_Data shown_.
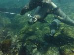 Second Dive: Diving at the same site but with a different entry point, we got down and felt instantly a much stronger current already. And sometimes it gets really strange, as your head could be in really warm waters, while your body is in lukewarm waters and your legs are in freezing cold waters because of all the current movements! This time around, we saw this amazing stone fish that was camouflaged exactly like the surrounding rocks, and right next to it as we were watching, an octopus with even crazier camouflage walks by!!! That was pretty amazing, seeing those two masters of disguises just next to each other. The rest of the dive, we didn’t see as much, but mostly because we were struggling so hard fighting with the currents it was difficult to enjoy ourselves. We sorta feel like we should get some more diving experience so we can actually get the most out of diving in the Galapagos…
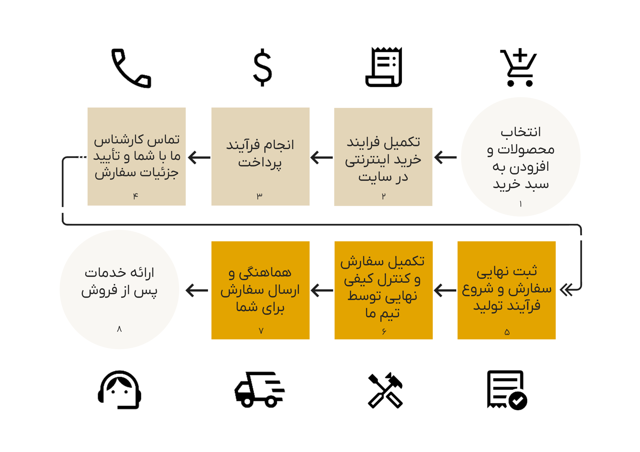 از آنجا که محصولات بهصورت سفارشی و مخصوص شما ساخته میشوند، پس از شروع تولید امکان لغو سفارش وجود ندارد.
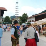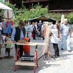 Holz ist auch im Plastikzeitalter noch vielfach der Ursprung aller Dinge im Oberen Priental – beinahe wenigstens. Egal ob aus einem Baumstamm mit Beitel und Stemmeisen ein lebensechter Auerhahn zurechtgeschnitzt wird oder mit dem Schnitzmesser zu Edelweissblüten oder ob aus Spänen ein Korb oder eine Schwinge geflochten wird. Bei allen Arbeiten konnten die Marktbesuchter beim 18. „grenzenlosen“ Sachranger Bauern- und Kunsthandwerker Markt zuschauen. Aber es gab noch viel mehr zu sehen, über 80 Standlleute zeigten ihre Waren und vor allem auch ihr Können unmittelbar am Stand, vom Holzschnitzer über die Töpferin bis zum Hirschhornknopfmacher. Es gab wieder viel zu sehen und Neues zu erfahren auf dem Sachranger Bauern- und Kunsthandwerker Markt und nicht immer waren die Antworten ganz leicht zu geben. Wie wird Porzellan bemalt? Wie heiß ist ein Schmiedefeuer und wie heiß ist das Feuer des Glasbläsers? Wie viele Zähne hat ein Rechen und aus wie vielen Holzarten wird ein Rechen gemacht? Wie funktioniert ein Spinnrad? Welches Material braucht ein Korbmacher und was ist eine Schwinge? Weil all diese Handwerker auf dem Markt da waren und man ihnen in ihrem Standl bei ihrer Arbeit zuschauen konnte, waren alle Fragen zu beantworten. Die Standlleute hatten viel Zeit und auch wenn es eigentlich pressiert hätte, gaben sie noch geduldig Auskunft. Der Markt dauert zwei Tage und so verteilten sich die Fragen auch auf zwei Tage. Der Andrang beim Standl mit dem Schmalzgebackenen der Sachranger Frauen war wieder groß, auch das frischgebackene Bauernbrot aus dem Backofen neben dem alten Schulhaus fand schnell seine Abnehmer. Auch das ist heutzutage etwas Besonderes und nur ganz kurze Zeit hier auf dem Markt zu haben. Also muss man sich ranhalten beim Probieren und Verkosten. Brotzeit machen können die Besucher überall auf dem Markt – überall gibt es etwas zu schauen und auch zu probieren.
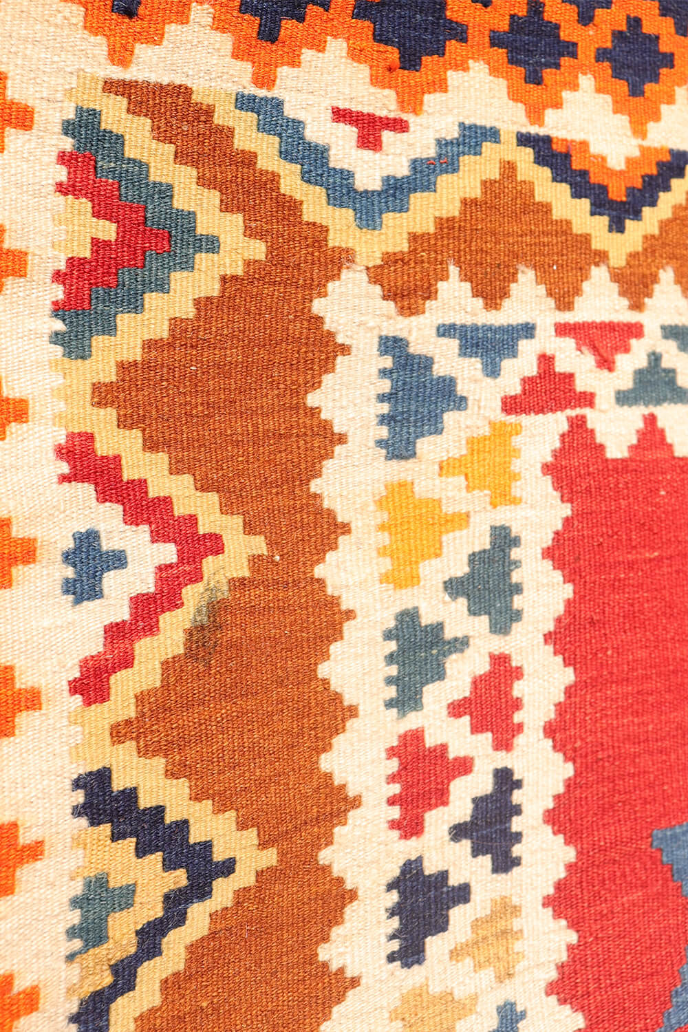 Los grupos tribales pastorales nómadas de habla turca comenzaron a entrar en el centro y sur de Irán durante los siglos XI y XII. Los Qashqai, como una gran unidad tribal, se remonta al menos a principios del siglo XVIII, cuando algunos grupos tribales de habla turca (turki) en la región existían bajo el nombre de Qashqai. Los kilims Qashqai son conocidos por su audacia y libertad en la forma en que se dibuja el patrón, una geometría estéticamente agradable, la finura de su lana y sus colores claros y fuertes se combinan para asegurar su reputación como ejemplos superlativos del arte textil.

_Task requirements_. Could you write out the whole listing exactly, skipping every picture?

_Expected output_.
 Second Dive: Diving at the same site but with a different entry point, we got down and felt instantly a much stronger current already. And sometimes it gets really strange, as your head could be in really warm waters, while your body is in lukewarm waters and your legs are in freezing cold waters because of all the current movements! This time around, we saw this amazing stone fish that was camouflaged exactly like the surrounding rocks, and right next to it as we were watching, an octopus with even crazier camouflage walks by!!! That was pretty amazing, seeing those two masters of disguises just next to each other. The rest of the dive, we didn’t see as much, but mostly because we were struggling so hard fighting with the currents it was difficult to enjoy ourselves. We sorta feel like we should get some more diving experience so we can actually get the most out of diving in the Galapagos…
 از آنجا که محصولات بهصورت سفارشی و مخصوص شما ساخته میشوند، پس از شروع تولید امکان لغو سفارش وجود ندارد.
 Holz ist auch im Plastikzeitalter noch vielfach der Ursprung aller Dinge im Oberen Priental – beinahe wenigstens. Egal ob aus einem Baumstamm mit Beitel und Stemmeisen ein lebensechter Auerhahn zurechtgeschnitzt wird oder mit dem Schnitzmesser zu Edelweissblüten oder ob aus Spänen ein Korb oder eine Schwinge geflochten wird. Bei allen Arbeiten konnten die Marktbesuchter beim 18. „grenzenlosen“ Sachranger Bauern- und Kunsthandwerker Markt zuschauen. Aber es gab noch viel mehr zu sehen, über 80 Standlleute zeigten ihre Waren und vor allem auch ihr Können unmittelbar am Stand, vom Holzschnitzer über die Töpferin bis zum Hirschhornknopfmacher. Es gab wieder viel zu sehen und Neues zu erfahren auf dem Sachranger Bauern- und Kunsthandwerker Markt und nicht immer waren die Antworten ganz leicht zu geben. Wie wird Porzellan bemalt? Wie heiß ist ein Schmiedefeuer und wie heiß ist das Feuer des Glasbläsers? Wie viele Zähne hat ein Rechen und aus wie vielen Holzarten wird ein Rechen gemacht? Wie funktioniert ein Spinnrad? Welches Material braucht ein Korbmacher und was ist eine Schwinge? Weil all diese Handwerker auf dem Markt da waren und man ihnen in ihrem Standl bei ihrer Arbeit zuschauen konnte, waren alle Fragen zu beantworten. Die Standlleute hatten viel Zeit und auch wenn es eigentlich pressiert hätte, gaben sie noch geduldig Auskunft. Der Markt dauert zwei Tage und so verteilten sich die Fragen auch auf zwei Tage. Der Andrang beim Standl mit dem Schmalzgebackenen der Sachranger Frauen war wieder groß, auch das frischgebackene Bauernbrot aus dem Backofen neben dem alten Schulhaus fand schnell seine Abnehmer. Auch das ist heutzutage etwas Besonderes und nur ganz kurze Zeit hier auf dem Markt zu haben. Also muss man sich ranhalten beim Probieren und Verkosten. Brotzeit machen können die Besucher überall auf dem Markt – überall gibt es etwas zu schauen und auch zu probieren.
 Los grupos tribales pastorales nómadas de habla turca comenzaron a entrar en el centro y sur de Irán durante los siglos XI y XII. Los Qashqai, como una gran unidad tribal, se remonta al menos a principios del siglo XVIII, cuando algunos grupos tribales de habla turca (turki) en la región existían bajo el nombre de Qashqai. Los kilims Qashqai son conocidos por su audacia y libertad en la forma en que se dibuja el patrón, una geometría estéticamente agradable, la finura de su lana y sus colores claros y fuertes se combinan para asegurar su reputación como ejemplos superlativos del arte textil.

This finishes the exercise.